AWS vs Azure: Serverless Observability and Monitoring
Serverless computing is a cloud service model that allows developers to run code without provisioning or managing servers. Serverless applications are composed of functions that are triggered by events and run on demand. Serverless computing offers many benefits, such as scalability, performance, cost-efficiency, and agility.
However, serverless computing also introduces new challenges for observability and monitoring. Observability is the ability to measure and understand the internal state of a system based on the external outputs. Monitoring is the process of collecting, analyzing, and alerting on the metrics and logs that indicate the health and performance of a system.
Observability and monitoring are essential for serverless applications because they help developers troubleshoot issues, optimize performance, ensure reliability, and improve user experience. However, serverless applications are more complex and dynamic than traditional applications, making them harder to observe and monitor.
Some of the challenges of serverless observability and monitoring are:
- Lack of visibility: Serverless functions are ephemeral and stateless, meaning they are created and destroyed on demand, and do not store any data or context. This makes it difficult to track the execution flow and dependencies of serverless functions across multiple services and platforms.
- High cardinality: Serverless functions can have many variations based on input parameters, environment variables, configuration settings, and runtime versions. This creates a high cardinality of metrics and logs that need to be collected and analyzed.
- Distributed tracing: Serverless functions can be triggered by various sources, such as HTTP requests, messages, events, timers, or other functions. This creates a distributed tracing problem, where developers need to correlate the traces of serverless functions across different sources and services.
- Cold starts: Serverless functions can experience cold starts, which are delays in the execution time caused by the initialization of the function code and dependencies. Cold starts can affect the performance and availability of serverless applications, especially for latency-sensitive scenarios.
- Cost optimization: Serverless functions are billed based on the number of invocations and the execution time. Therefore, developers need to monitor the usage and cost of serverless functions to optimize their resource allocation and avoid overspending.
AWS and Azure are two of the leading cloud providers that offer serverless computing services. AWS Lambda is the serverless platform of AWS, while Azure Functions is the serverless platform of Azure. Both platforms provide observability and monitoring features for serverless applications, but they also have some differences and limitations.
In this article, we will compare AWS Lambda and Azure Functions in terms of their observability and monitoring capabilities, including their native features and third-party software reviews and recommendations.
Native Features
Both AWS Lambda and Azure Functions provide native features for observability and monitoring serverless applications. These features include:
- Metrics: Both platforms collect and display metrics such as invocations, errors, duration, memory usage, concurrency, and throughput for serverless functions. These metrics can be viewed on dashboards or queried using APIs or CLI tools. Metrics can also be used to create alarms or alerts based on predefined thresholds or anomalies.
- Logs: Both platforms capture and store logs for serverless functions. These logs include information such as start and end time, request ID, status code, error messages, custom print statements, etc. Logs can be viewed on consoles or queried using APIs or CLI tools. Logs can also be streamed or exported to external services for further analysis or retention.
- Tracing: Both platforms support distributed tracing for serverless functions. Distributed tracing allows developers to track the execution flow and latency
of serverless functions across different sources and services. Tracing can help identify bottlenecks errors, failures or performance issues in serverless applications.
Both platforms use open standards such as OpenTelemetry or W3C Trace Context for tracing.
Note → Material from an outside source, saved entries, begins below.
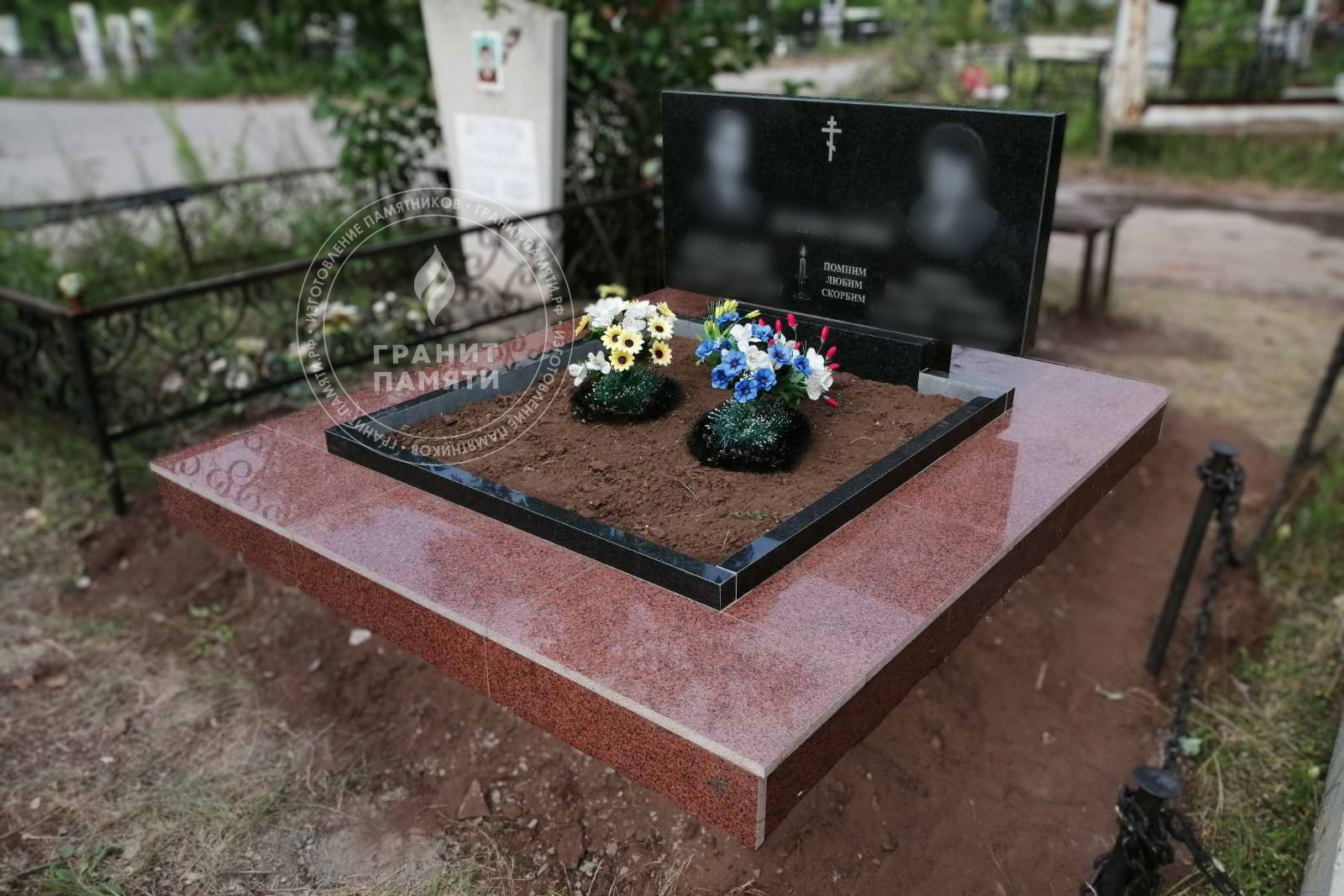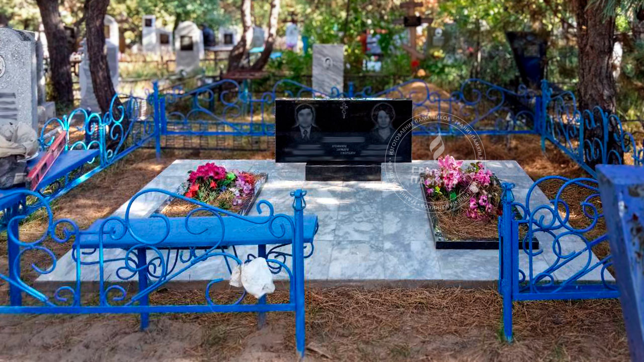 - Доступен в разных комплектациях: с цветниками, с надгробными плитами и т.д.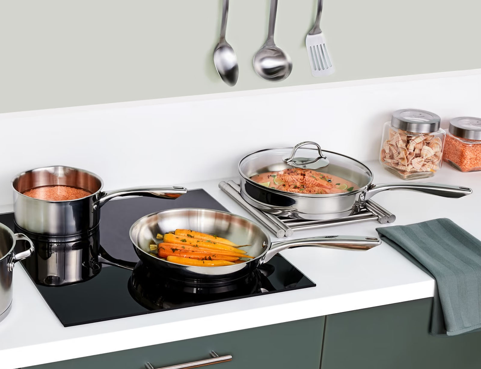 Τηγάνι sauté 5five με φριτέζα, σπάτουλα και διάμετρο 28cm - Olive Green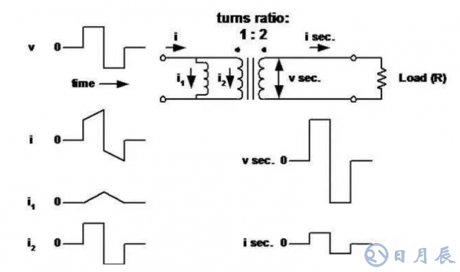 ■變壓器看作理想變壓器,它的初級(磁化)電感與初級并聯(lián)。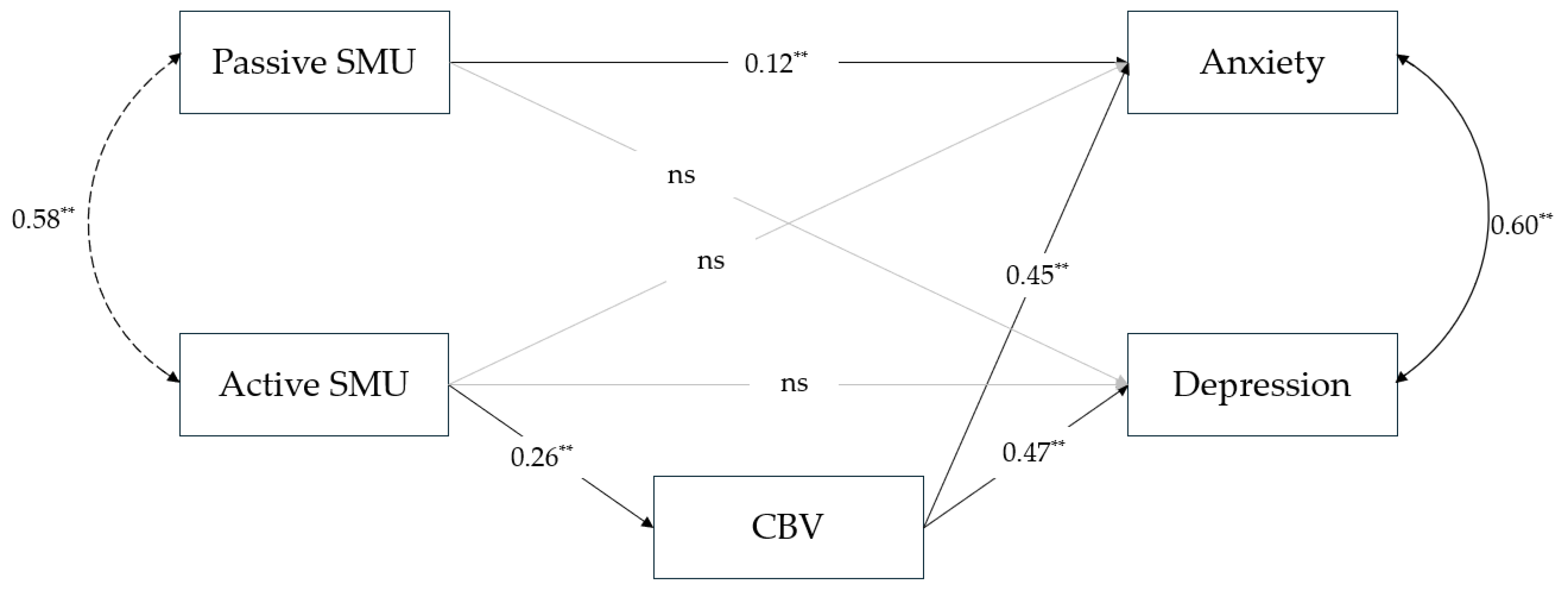 - Godard, R.; Holtzman, S. Are Active and Passive Social Media Use Related to Mental Health, Wellbeing, and Social Support Outcomes? A Meta-Analysis of 141 Studies. J. Comput.-Mediat. Commun. 2024, 29, zmad055. [Google Scholar] [CrossRef]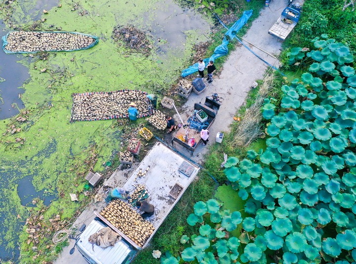 9月7日,如皋市如城街道新民社区千亩荷塘,藕农采挖莲藕,准备供应市场。徐慧 摄
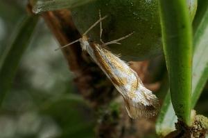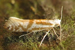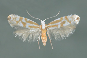 - Argyresthia dilectella (Zeichnungselemente dunkler, braungelb, Musterung weniger deutlich erkennbar)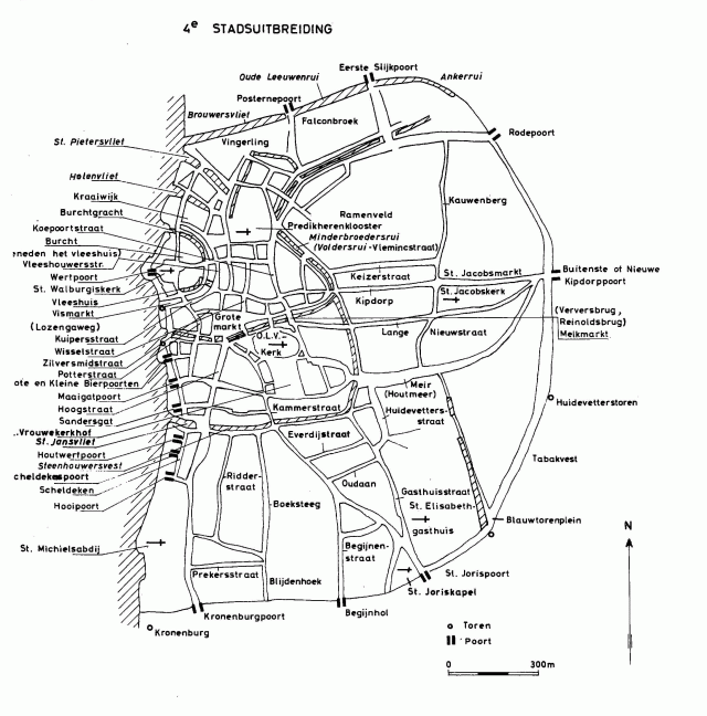 Een gebied van nog eens zo’n 20 hectare om de Ruienstad wordt voorzien van aarden wallen met stenen poorten en daarbuiten een gracht. Sint-Jansvliet, Steenhouwersvest en Lombardenvest vormen de zuidelijke grens. De Burcht krijgt een stenen muur.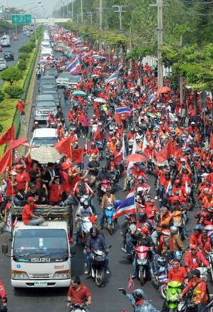 第一波示威活動(dòng)于12日傍晚結(jié)束。紅衫軍13日將重新集結(jié),前往皇家田廣場(chǎng)等主要集會(huì)場(chǎng)所,附近是熱門旅游景點(diǎn)大皇宮及玉佛寺。東北部和北部各省的上萬紅衫軍支持者昨天也開始向曼谷出發(fā),將于周日抵達(dá)。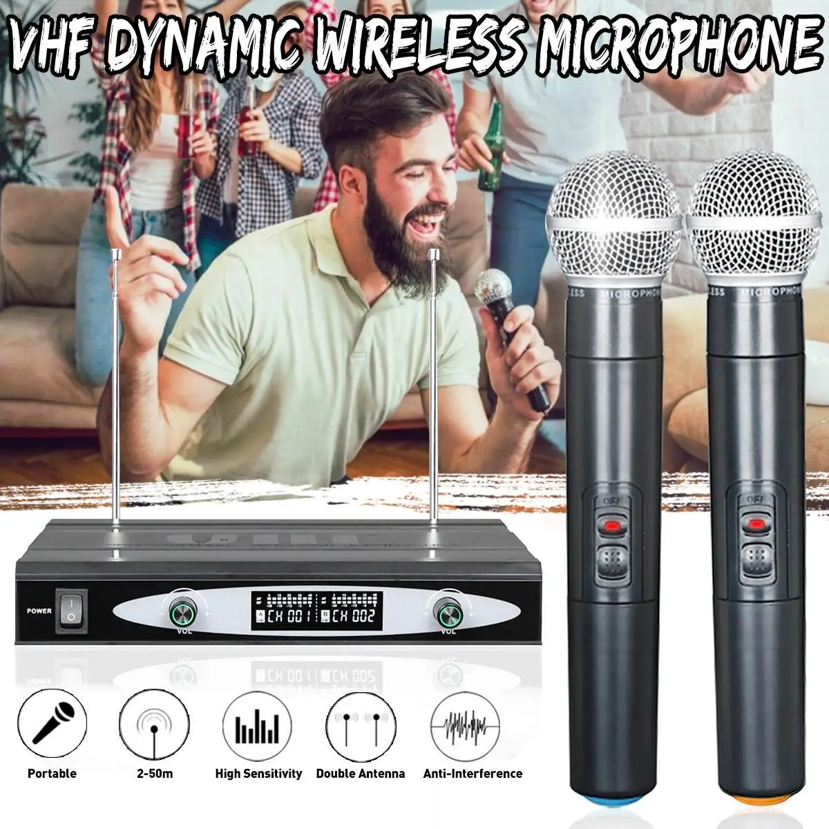 110 V-220 V беспроводной VHF микрофон 2 портатичный цифровой осциллограф беспроводной микрофон Системы + приемник домашний комплект караоке пода...

However, there are also some differences between AWS Lambda and Azure Functions in terms of their native features for observability and monitoring.
Some of these differences are:
- Metrics granularity: AWS Lambda provides metrics at a 1-minute granularity by default while Azure Functions provides metrics at a 5-minute granularity by default
However, both platforms allow users to change the granularity to a lower or higher level depending on their needs - Metrics aggregation: AWS Lambda aggregates metrics by function name function version or alias (if specified), region (if specified) or globally (across all regions). Azure Functions aggregates metrics by the function name (or function app name), region (if specified) or globally (across all regions).
- Logs format: AWS Lambda logs are formatted as plain text with a timestamp prefix. Azure Functions logs are formatted as JSON objects with various fields such as timestamp, level, message, category, functionName, invocationId, etc.
- Logs retention: AWS Lambda logs are stored in Amazon CloudWatch Logs service for 90 days by default (or longer if specified by users). Azure Functions logs are stored in Azure Monitor service for 30 days by default (or longer if specified by users)
- Tracing integration: AWS Lambda integrates with AWS X-Ray service for tracing. AWS X-Ray provides a web console and an API for viewing traces and analyzing the performance of serverless applications on AWS. Azure Functions integrates with Azure Application Insights service for tracing. Azure Application Insights provides a web console and an API for viewing traces and analyzing the performance of serverless applications on Azure.